Book Review: Brothers, We Are Not Professionals, by John Piper


I was fortunate to attend a very healthy seminary. That said, I recall being assigned a book in a pastoral ministry class that discussed the color of socks a pastor should wear. I also endured a lecture that instructed us to dress from the “upper third of your wardrobe.” While I’m confident my professor was a godly man and a wonderful pastor, this comment seems to owe a little too much to the professionalism that has taken root among American pastors. And a focus on appearance is just one facet of the professionalism which John Piper takes aim at in his recent, updated and expanded edition of Brothers, We Are Not Professionals.

This updated edition has a new introduction along with six additional chapters. The reason Piper gives for these additional chapters is that “they [have] pressed themselves on me. One for personal reasons like health (chap. 27 [Bodily Training]). One for family reasons relating to my own sanctification (chap. 22 [Act the Miracle]). Two for theological reasons where I felt I needed greater clarity or correction (chaps. 4 & 6 [God does make much of us & God is the Gospel]). And two in pursuit of being a better preacher (chaps. 13 & 18 [Bible oriented & Tone of Text])” (xi).
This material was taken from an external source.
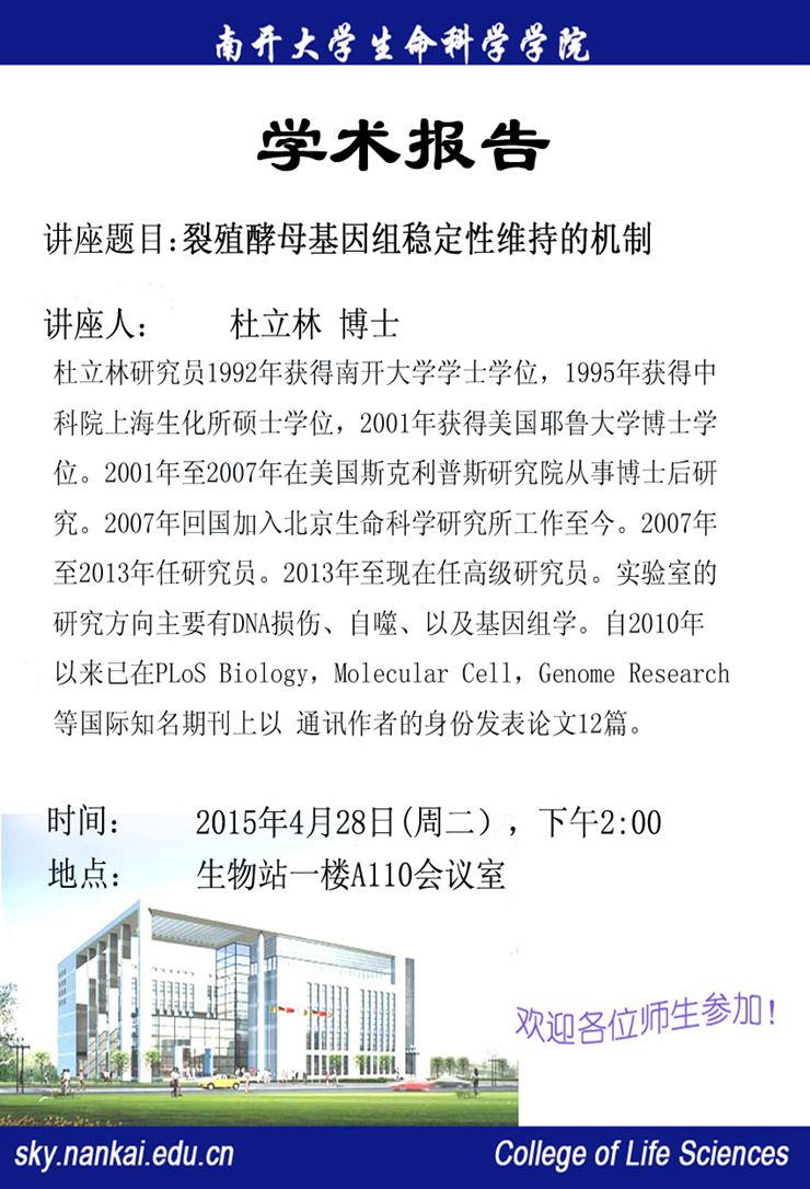 4.28 14:00 学术报告---杜立林

This re-release comes at the close of Piper’s 33 years as pastor for preaching and vision at Bethlehem Baptist Church in Minneapolis, Minnesota. As Piper looks back on the ten years since the release of the first edition he not only remains convinced of the need for this book, but believes that the “pressure to ‘professionalize’ the pastorate has morphed and strengthened” (ix). As such, the book, and in particular this new edition, would encourage and instruct many Christians, but its aim is pastors.

After completing the book, I agree with Piper about the need for this edition. Consider this sequence: “You are precious to God, and the greatest gift He has for you is not to let your preciousness become your god. God will be your God. God alone forever. And this is infinite love. This is how much He makes of you.” (24)

These types of appeals are like a can of Red Bull energy drink amidst evangelicalism’s sleepy afternoon. Just as Piper instructs his pastor readers about the tone they should adopt in their preaching (ch. 18), so he adopts his own tone of a pastor speaking a straight word with a hard gaze. Indeed, the simple repetition of the word “Brothers” at key points gives the reader a sense of a closed door, heart to heart address from a senior leader.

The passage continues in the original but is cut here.